In this lab, we are going to use Tableau, a business intelligence and analytics platform that allows users to create interactive visualizations and dashboards to understand data. It provides free access to students. Please try to download Tableau for Students in advance.

The due day for each lab can be found on the course wesbite. The submission should include Rmd, html, and any other files required to rerun the codes. For Tableau, submit your Tableau packaged workbook (.tbwx) This will include any excel files that you attach so that when you share the file anyone with Tableau can open it!
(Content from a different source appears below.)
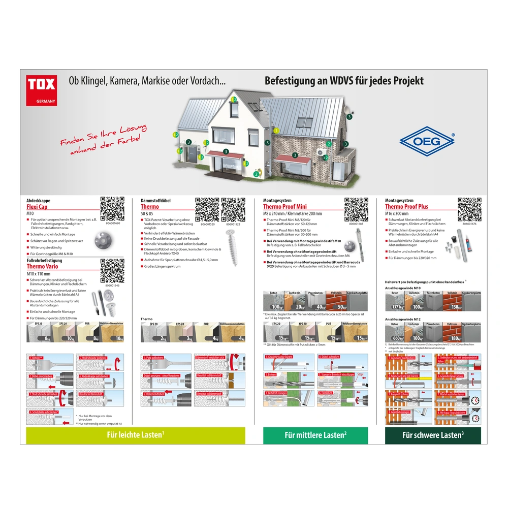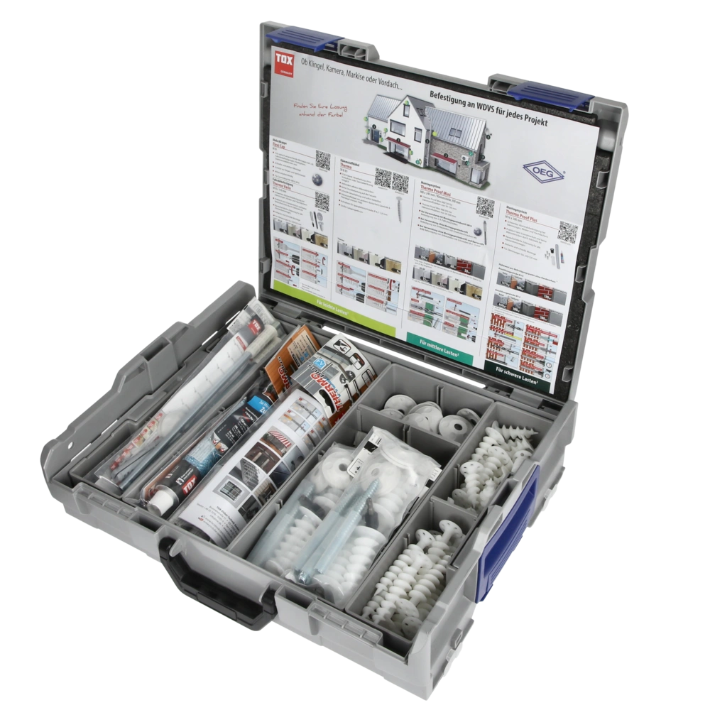 Set di fissaggio per fissare diversi carichi alle facciate isolate. Chiaramente organizzato secondo esempi di applicazione. Dalle tende da sole, ai pluviali alle cassette per le lettere, il set di fissaggio giusto è sempre disponibile...

From Lab 4, the use of any generative AI tool (ChatGPT, Copilot, etc.) is allowed. But, I still encourage you to write codes by yourself and use AI tools as a way to debug and explore new knowledge. More information about Academic Integrity and the Use of AI.


Lab 05-A: Introduction to Tableau

In this lab, we will use Seattle Airbnb listing data published by Inside Airbnb. Inside Airbnb is a mission driven project that provides data and advocacy about Airbnb’s impact on residential communities. They published a report on Platform Failures: How Short-Term Rental Platforms like Airbnb fail to cooperate with cities and the need for strong regulations to protect housing which may be interesting to you.

The data we will use was published on 21 June, 2025 and you can explore the data using their visualization tool. Please check the data dictionary below.

Click to view the full data dictionary

We are going to build an interactive dashboard that visualizes key insights from our dataset. The goal is not only to display information but also to enable users to explore, filter, and compare different variables dynamically. After that, we will publish online through Tableau Public as well as your GitHub page. Also, we will continue working on dashboard in next lab, so do not worry if some functions you want do not show in this lab. The final results will be like this:

The Tableau Workspace

Workspace. Source: Tableau Desktop and Web Authoring Help

Key Steps

Connect to Data

Global Formatting

Maps

Average Price

Number of Room by Type

Licenses

Top Hosts

Dashboard

Interactivity

Publish

Hierarchy

Worksheet, Dashboard, Story

📚 TODO: Tableau

14 points

Create visualizations, at least 5 worksheets, using 2022 5-year estimate data from American Community Survey (ACS). The dataset is about housing affordability in King County, WA. You can download the data here. The geojson (What is it?) data also include geospatial column (geometry).You can check the data dictionary below.

If you have a strong interest in using other datasets for this assignment, you are free to do that.

Calculation field. You can build your own variables using existing variables, such as defining a affordability index. This page may be helpful to you.

Arrange these sheets into a dashboard. Make sure that any filters that you apply on your dashboard work on all (relevant) sheets. If you want, play around with creating multiple story points.

Submit your Tableau packaged workbook (.tbwx) This will include any data files that you attach so that when you share the file anyone with Tableau can open it!

Raw ACS Variables Dictionary

Variable ACS Code Description
med_income B19013_001 Median household income (past 12 months)
gini B19083_001 Gini Index of Income Inequality
med_rent B25064_001 Median gross rent (monthly)
med_home_value B25077_001 Median home value (owner-occupied units)
total_pop B01003_001 Total population
poverty_rate B17001_002 Individuals below poverty line (numerator)
total_poverty B17001_001 Total population used for poverty calculation
bachelors B15003_022 Population with a bachelor’s degree
graduate B15003_023 Population with a master’s degree or higher
total_edu B15003_001 Total education population (age ≥25)
white B03002_003 White alone
black B03002_004 Black or African American alone
asian B03002_006 Asian alone
hispanic B03002_012 Hispanic or Latino (any race)
total_race B03002_001 Total population by race
unemployed B23025_005 Unemployed population (age 16+)
labor_force B23025_003 Civilian labor force (age 16+)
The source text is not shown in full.